Re: MEDICINE: When it rains it pours

From: Robert J. Bradbury (
Date: Sat Dec 01 2001 - 20:51:51 MST

On Sat, 1 Dec 2001, Eliezer S. Yudkowsky wrote:

> Leaving aside the pre-Singularity/FDA issues (i.e: no way), let's not
> forget that this alleged divide between rich and poor is primarily a
> Luddite memetic plot. [snip]
> Intelligence affects which side you're on. Intelligence as tool is a Luddite concept;
> it is promoted by the side that sees no goodness in rationality,
> intelligence, and science. [snip]
> In other words, I do not view this as the "rich faction" gaining yet
> another advantage, but rather as an unusually roundabout way of recruiting
> wealth into the "smart faction".

Yes, Eliezer I think, has perhaps an important point here. My limited
thinking on the subject was based on the very narrow viewpoint that
intelligence correlates with success / lack of intelligence correlates
with lack of success. { Don't dis me on this, I think this was documented
quite effectively in a recent article, if I remember properly in Scientific
American, on how people with IQ's lower than ~90 had higher probabilities
of criminal activities, lower success in personal relationships, etc. }

The fact that intelligence may allow one to add an additional vector,
e.g. intelligence promotes rational thinking is perhaps very useful.
I'm unaware of "hard" data that says "intelligent" people are less
likely to believe in myths and fairy tales. One of the most intelligent
people I've ever encountered, a hard core physicist who was much smarter
than myself, was also a committed Christian. However, I'd tend to
lean in the direction that more intelligent people have a better
chance than most of removing irrational memetic paradigms.

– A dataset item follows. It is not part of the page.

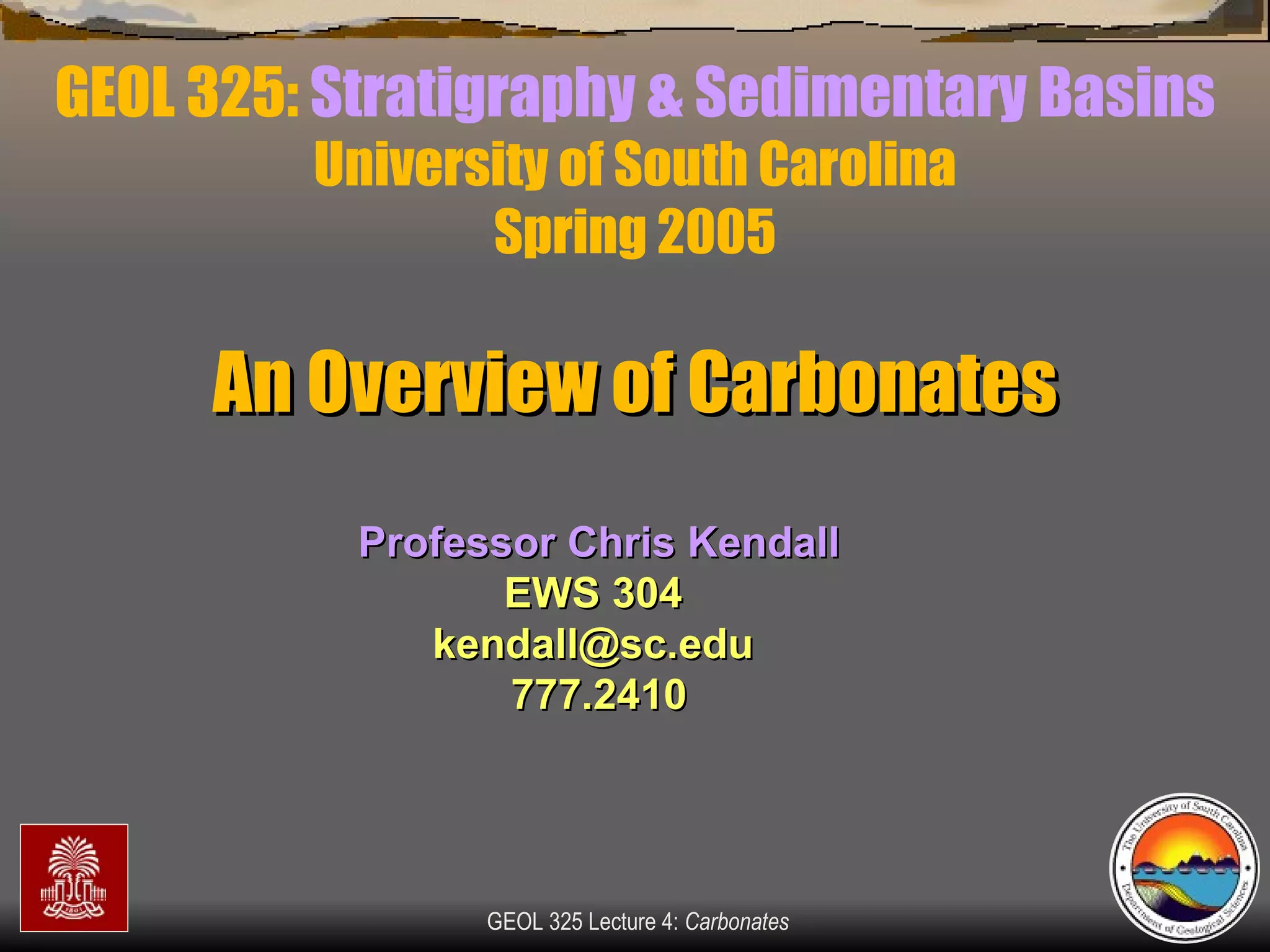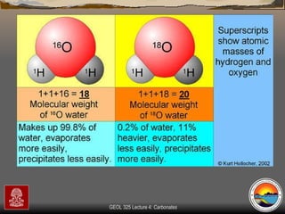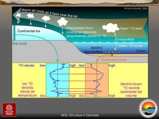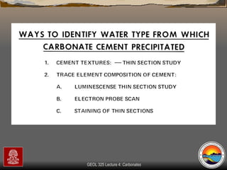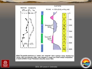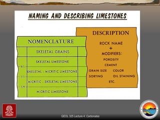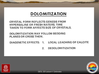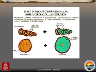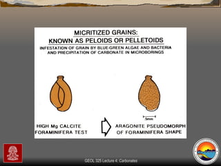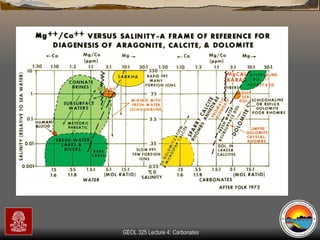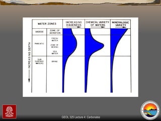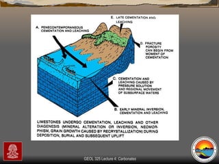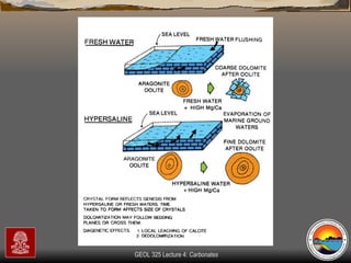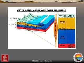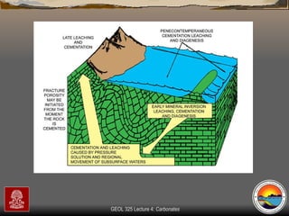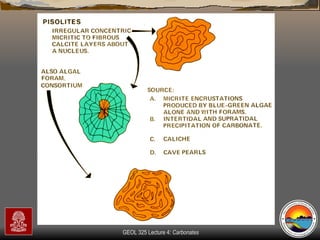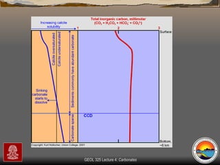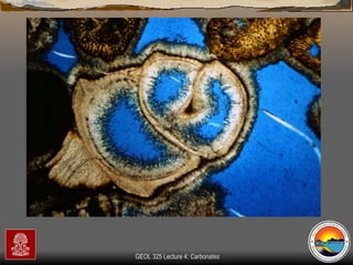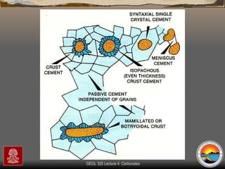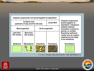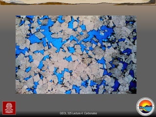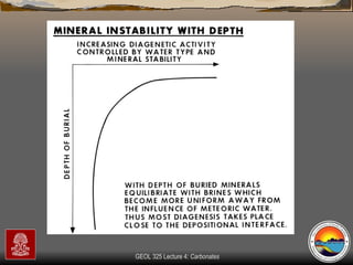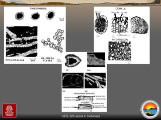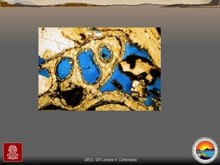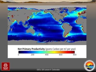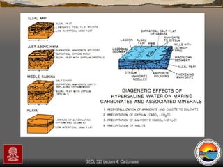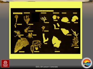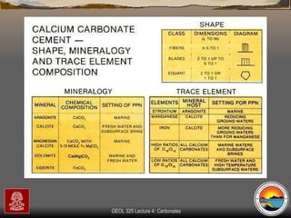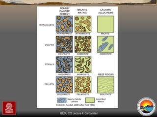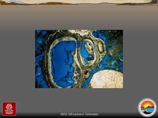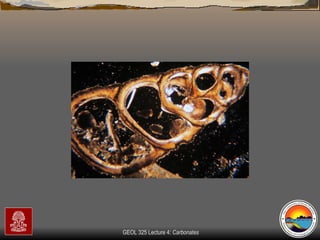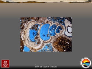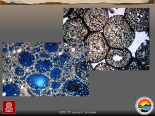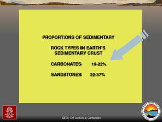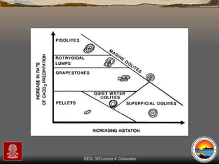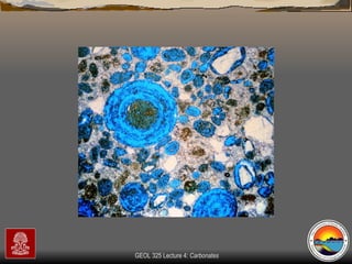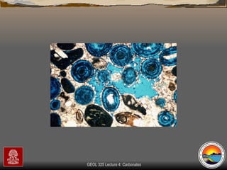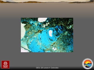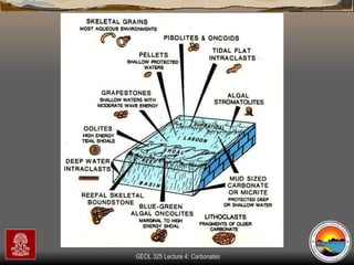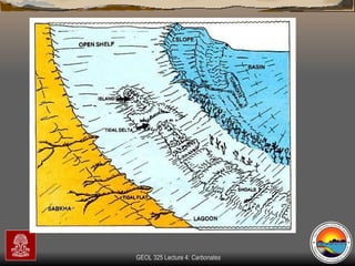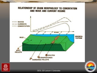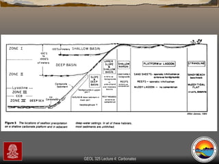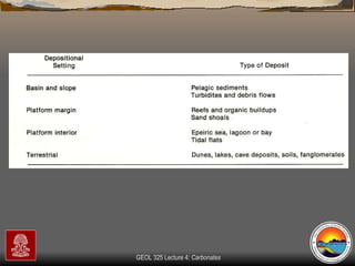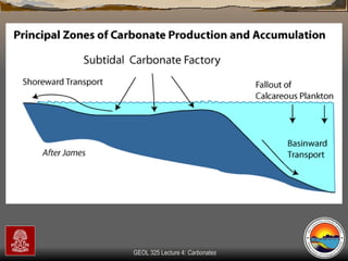 The document provides an overview of a course on carbonates and sedimentary basins. It discusses how carbonate sediments form in different depositional environments and the factors controlling carbonate accumulation and distribution. It also summarizes the key components and textures of carbonate rocks and the processes of diagenesis.

So, I will grant that the point may have some merit. Perhaps offsetting
that might be the question of whether one would want to make presumably
intelligent individuals (Stalin?, Hussein?) with sociopathic tendencies
even smarter. [A few bad apples can spoil the whole bunch...]

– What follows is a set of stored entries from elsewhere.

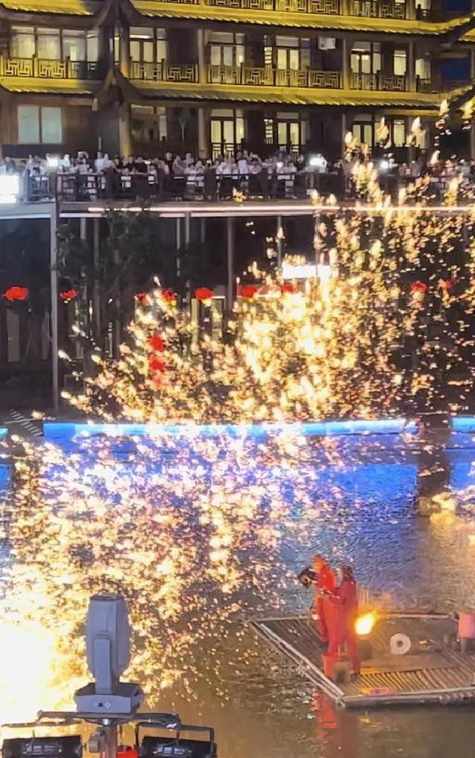 水舞结束后,人群没全散,他们就继续等打铁花。
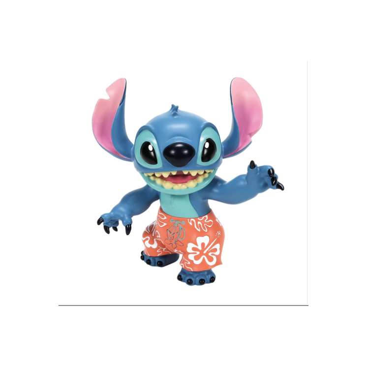 La Figura Stitch Aloha - Disney Showcase muestra a Stitch en todo su esplendor tropical con un diseño lleno de color y vida. Ideal para decorar tu hogar o añadir a tu colección Disney, esta pieza representa la alegría y el amor de Stitch en su famosa pose "Aloha".
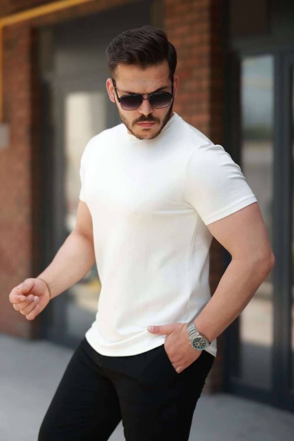 Erkek Hakim Yaka Dokuma Pamuklu Kumaş Kısa Kollu Tişört
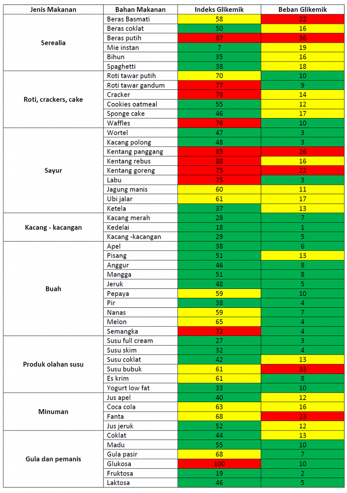 IG adalah ukuran seberapa cepat karbohidrat dalam makanan meningkatkan kadar gula darah setelah dikonsumsi. Makanan dengan IG rendah (≤55) menyebabkan kenaikan gula darah yang lambat dan stabil, sedangkan makanan dengan IG tinggi (≥70) memicu lonjakan gula darah yang cepat. Dalam pengelolaan diabetes, pemilihan makanan dengan IG rendah sangat dianjurkan untuk mengurangi fluktuasi glukosa darah dan meningkatkan kontrol metabolik. Contoh makanan dengan IG rendah adalah sayuran, buah-buahan tertentu, kacang-kacangan, dan biji-bijian utuh. Berikut adalah tabel indeks Glikemik dari blog Ahligizi

As a side comment re: FDA approval -- it isn't clear to me once cells
have been "approved" for implantation whether the FDA would have any
say as to *where* or in whom they could be implanted. There is a *lot* of
flexibility that indivividual physicians have in the practice of Medicine
and the current Dept. of Justice vs. Oregon's Euthanasia standoff will tell
us a lot about the degree to which the constitution will limit the
federal powers regarding states rights in that area.

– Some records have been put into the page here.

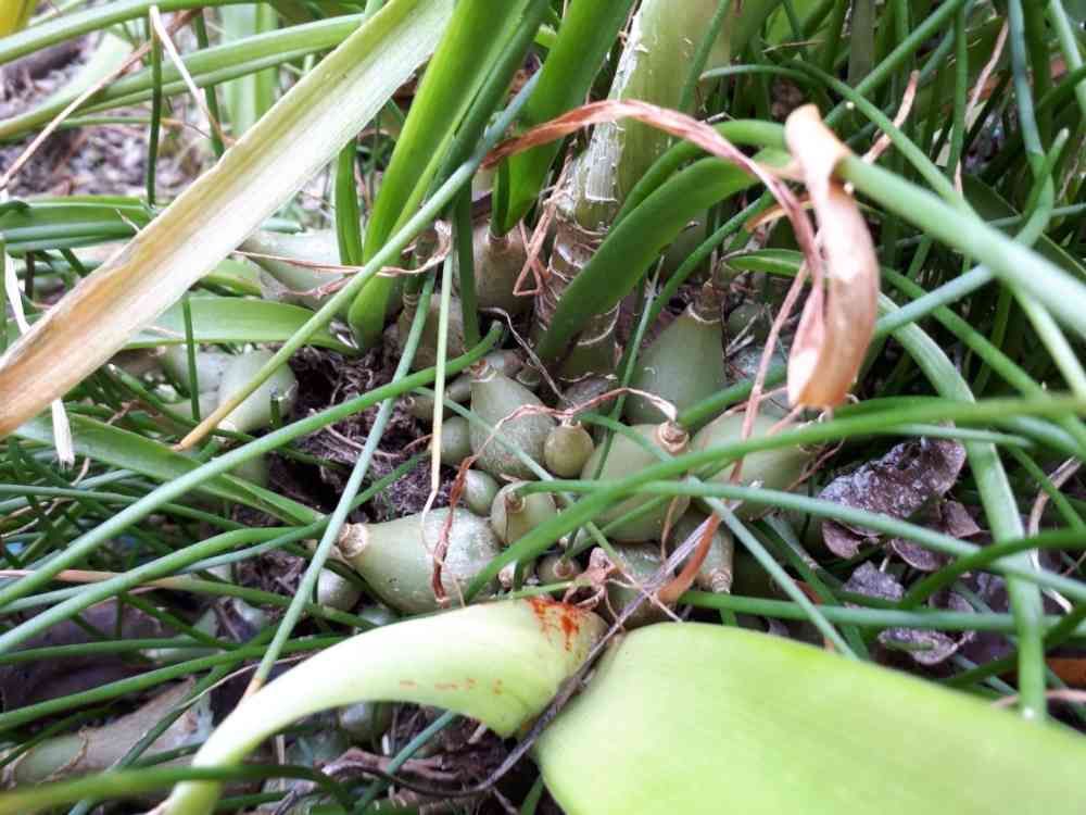 もしかしたら、細い分は春に紫色の花が咲くムスカリかも?
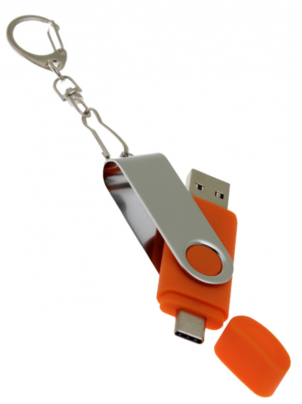 OTG_2in1_TC_030 Флеш-накопитель поворотный механизм, c дополнительным разъемом Type-C, оранжевый.
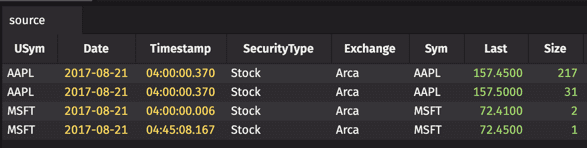 For this example, we'll create a simple table of 4 rows for 2 symbols from data in the StockTrades table:
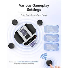 - [Jogo personalizado e desenho fácil de cartas] - Personalize sua experiência de jogo com configurações ajustáveis para contagem de cartões, direção e distância de negociação. Seja jogando pôquer, UNO ou Five Crowns, este versátil embaralhador de cartas e dealer se adapta a várias regras. Os 4 controles remotos sem fio incluídos permitem que os jogadores tirem cartas sem esforço, simplificando o gerenciamento de jogos que exigem desenho frequente de cartas. Se houver mais de quatro jogadores, compartilhe um controle remoto com o jogador próximo a você

Then, Mike Linksvayer <> wrote:

> So, if you or anyone would care to speculate a bit more, I'm
> interested in 1) how and where new cells would be administered into
> the brain and 2) what kind of an impact such might have on intelligence.

I think you would have to ask Anders -- my guess is that anything that
boosts memory is going to involve the hippocampus. As far as rational
thought goes, I'd guess the cortex as a whole.

I would generally assume that human beings are functional with IQ's up into
the 170-180 range and so in theory you should at least be able to boost
people at least that far.

> But really, concern over intelligence-generated gap between rich
> and poor has got to be combatted. In a relatively free market, if
> someone gets rich through applying their intellect, they only get
> rich to the extent they provide superior goods that people are
> willing to pay for, increasing the wealth of the entire society in
> the process.

I'm forced, upon further reflection, to agree with Mike and Eliezer.
One would presume that state funded boosts of the least intelligent
would payoff in reduced state expenditures for such individuals.
So it makes sense that states would make support for such opperations
available to all who want them. (With the caveat that smart hardcore
criminals are likely to be a bigger problem than less smart criminals.)

Now, where it gets sticky is perhaps for the "average" individual --
one who doesn't cost the state anything but one who isn't winning
a Nobel prize every year either. I suppose one could argue that
providing the equivalent of a "student loan" program for them
to be able to fund their enhancements would make sense. However
I'm not sure what happens in a society where everyone has an
IQ of 170-180. Do we just get a reflection of the current
society with a bell curve of intelligence, wealth, etc. that is
much higher. Such a society would certainly advance much more
much more quickly into our future. If that is the correct picture
then the early adopters may have a relatively easy time repaying their
loans but the late adopters may find themselves in a much more
competitive market. Alternatively if it makes the society much
more productive then we might break through into the period where
survival itself is not dependent upon the exercise of ones capabilities
so there isn't really any downside per se.